=== Section Start ===

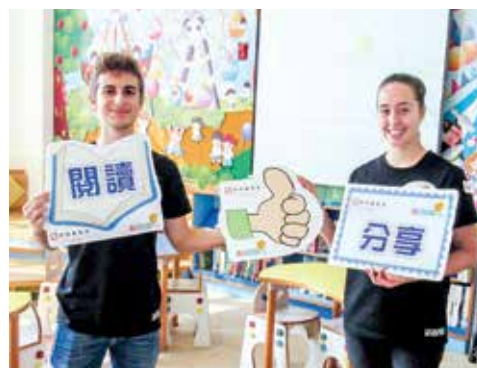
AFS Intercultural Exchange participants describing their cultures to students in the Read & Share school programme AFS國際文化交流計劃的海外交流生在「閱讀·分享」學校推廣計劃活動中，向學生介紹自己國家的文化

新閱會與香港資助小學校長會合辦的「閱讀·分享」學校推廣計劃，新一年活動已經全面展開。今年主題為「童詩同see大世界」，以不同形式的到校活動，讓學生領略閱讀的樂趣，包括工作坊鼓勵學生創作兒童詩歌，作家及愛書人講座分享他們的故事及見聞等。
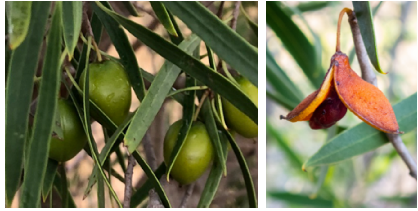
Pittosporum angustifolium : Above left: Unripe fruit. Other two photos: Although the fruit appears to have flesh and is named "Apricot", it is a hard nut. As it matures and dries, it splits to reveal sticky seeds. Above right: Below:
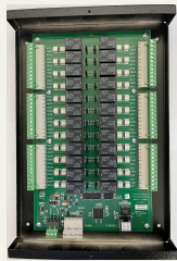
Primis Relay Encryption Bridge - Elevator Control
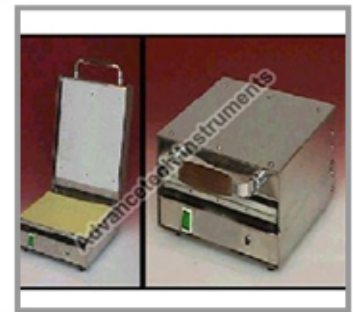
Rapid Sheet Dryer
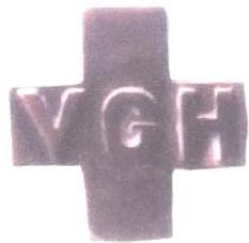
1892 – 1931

=== Section End ===
=== Section Start ===

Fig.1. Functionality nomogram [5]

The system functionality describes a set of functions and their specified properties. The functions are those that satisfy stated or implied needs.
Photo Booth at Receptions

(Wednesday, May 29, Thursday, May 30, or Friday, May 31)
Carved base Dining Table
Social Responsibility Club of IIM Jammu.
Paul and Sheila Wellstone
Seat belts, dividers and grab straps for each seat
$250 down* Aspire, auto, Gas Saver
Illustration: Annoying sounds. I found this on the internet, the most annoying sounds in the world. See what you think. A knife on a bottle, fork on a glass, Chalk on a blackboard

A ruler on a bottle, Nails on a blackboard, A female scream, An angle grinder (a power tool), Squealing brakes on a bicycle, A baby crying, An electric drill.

=== Section End ===

TASK INSTRUCTIONS:
Using the records above, restate word for word the lines from the one with "auto, Gas Saver" through the one with "A ruler on a", both included.

ANSWER TO THE PROBLEM:
$250 down* Aspire, auto, Gas Saver
Illustration: Annoying sounds. I found this on the internet, the most annoying sounds in the world. See what you think. A knife on a bottle, fork on a glass, Chalk on a blackboard

A ruler on a bottle, Nails on a blackboard, A female scream, An angle grinder (a power tool), Squealing brakes on a bicycle, A baby crying, An electric drill.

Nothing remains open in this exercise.